12/12/2014
Émerveillements II : quel livre a changé votre vie ?
J’avais prévu de vous parler de lisibilité, de mémorisation et de graphie… Ce sera pour un autre jour car l’actualité prime.
Hier, en effet, François Busnel nous conviait, dans sa Grande Librairie sur France 5, à la révélation du classement des livres plébiscités par le plus grand nombre de téléspectateurs.
Et les téléspectateurs ont répondu !
Peu importe que le classement final propulse « Le petit prince » d’Antoine de Saint Exupéry en n°1…
Peu importe que Jean d’Ormesson, pétillant et souriant comme d’habitude, en ait été déçu et se soit d’ailleurs fourvoyé sur le sens de l’émission : l’essentiel n’était pas que son Panthéon personnel (Proust, Homère et Cervantès) gagne le concours mais de voir quels sont les livres les plus marquants pour les Français d’aujourd’hui !
Peu importe que Amélie Nothomb ait été incapable de parler de ses goûts littéraires et ait multiplié les moues et les rictus fort peu photogéniques ; que Jean Teulé en ait rajouté à son personnage paillard et grossier, passant cinq bonnes minutes à nous raconter des inventions pataphysiciennes de Boris Vian (à noter que Jean Teulé partage mon indifférence à Madame Bovary, qui l'a profondément ennuyé) ; qu’au total les invités parisiens et médiatiques habituels en aient fait des tonnes, en particulier Éric Orsenna…
Voici les 20 livres qui ont changé votre vie :
1 - "Le petit prince" - Antoine de Saint-Exupéry
2 - "L'étranger" - Albert Camus
3 - "Voyage au bout de la Nuit" - Louis-Ferdinand Céline
4 - "L'écume des jours" - Boris Vian
5 - "A la recherche du temps perdu" - Marcel Proust
6 - "Le Grand Meaulnes" - Alain Fournier
7 - "L'alchimiste" - Paulo Coelho
8 - "Belle du seigneur" - Albert Cohen
9 - "Cent ans de solitude" - Gabriel García Márquez
10 - "Les Fleurs du Mal" - Charles Baudelaire
11 - "La Peste" - Albert Camus
12 – « Harry Potter » - J. K. Rowling
3 - "1984" - George Orwell
14 - "Le monde selon Garp" - John Irving
15 - "Crime et Châtiment" - Fiodor Dostoïevski
16 - "Le seigneur des Anneaux" - J.R.R. Tolkien
17 - "Le Parfum" - Patrick Süskind
18 - "Le journal d'Anne Frank" - Anne Frank
19 - "Madame Bovary" - Gustave Flaubert
20 - "Les Misérables" - Victor Hugo
Cette émission était très importante parce que, à une heure de grande écoute, elle parlait de littérature et, bien plus que cela, elle montrait l’engouement persistant des Français pour les livres.

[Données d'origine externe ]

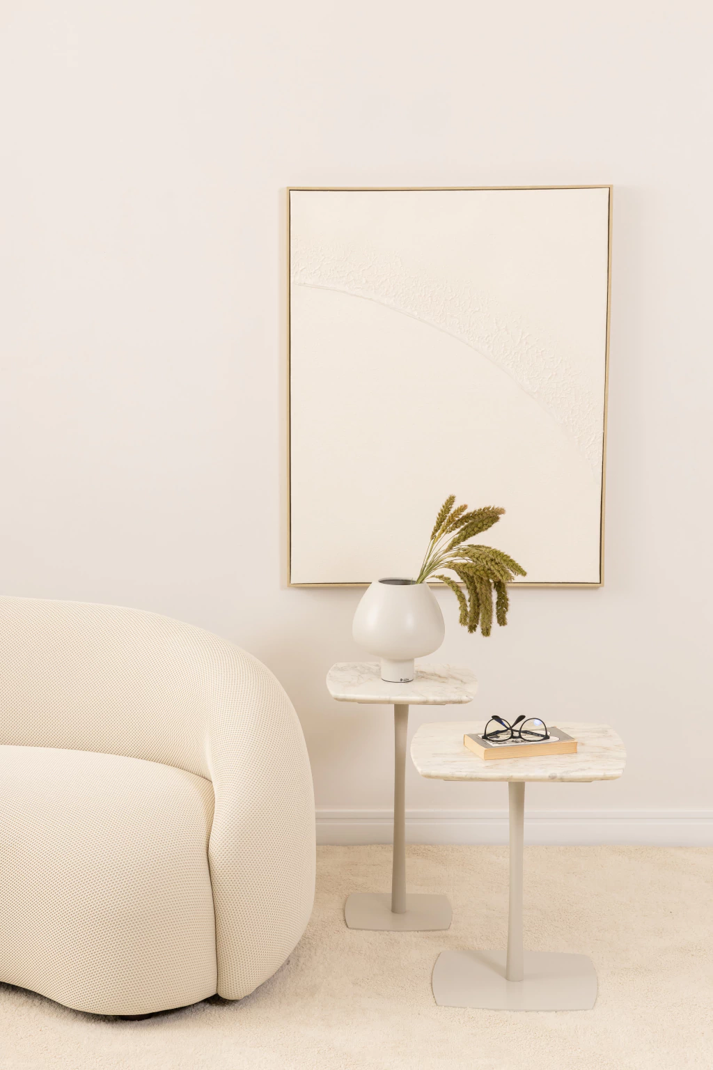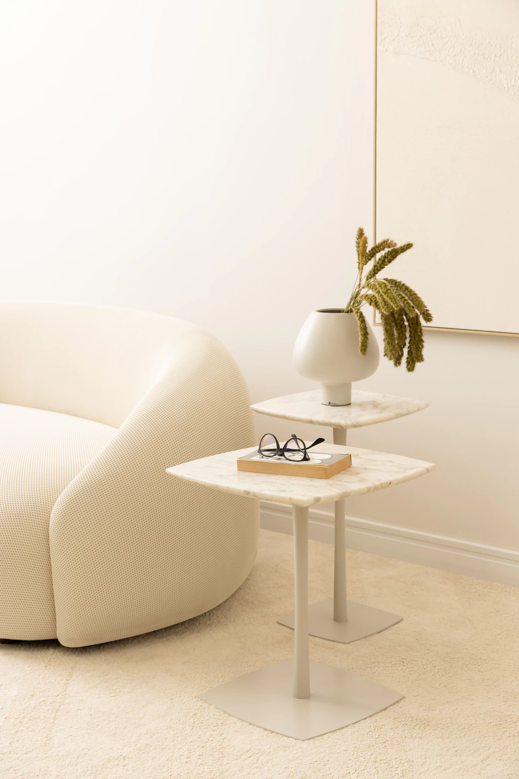 Dê um toque de sofisticação ao seu ambiente com a Mesa Lateral Ellen, uma peça que combina o requinte do mármore com um design assinado pela renomada marca Dua Dsg.

À la question qui motivait cette enquête : quel livre a changé votre vie ?, les téléspectateurs ont apporté des réponses concrètes et souvent très émouvantes ; un livre de Maxence Vandermeersch a décidé un ajusteur à devenir médecin ! La Peste et l’Étranger ont marqué beaucoup de lecteurs, on le sait. « Lire pour vivre » disait Flaubert ; on y est. Et cela fait autant d’éléments et d’arguments pour ce blogue qui s’intéresse en particulier à savoir à quoi sert la littérature.
Dans le classement, on retrouve, évidemment, tous les chefs d’œuvre dont on parle ici : La recherche du temps perdu, Belle du Seigneur, Cent ans de solitude…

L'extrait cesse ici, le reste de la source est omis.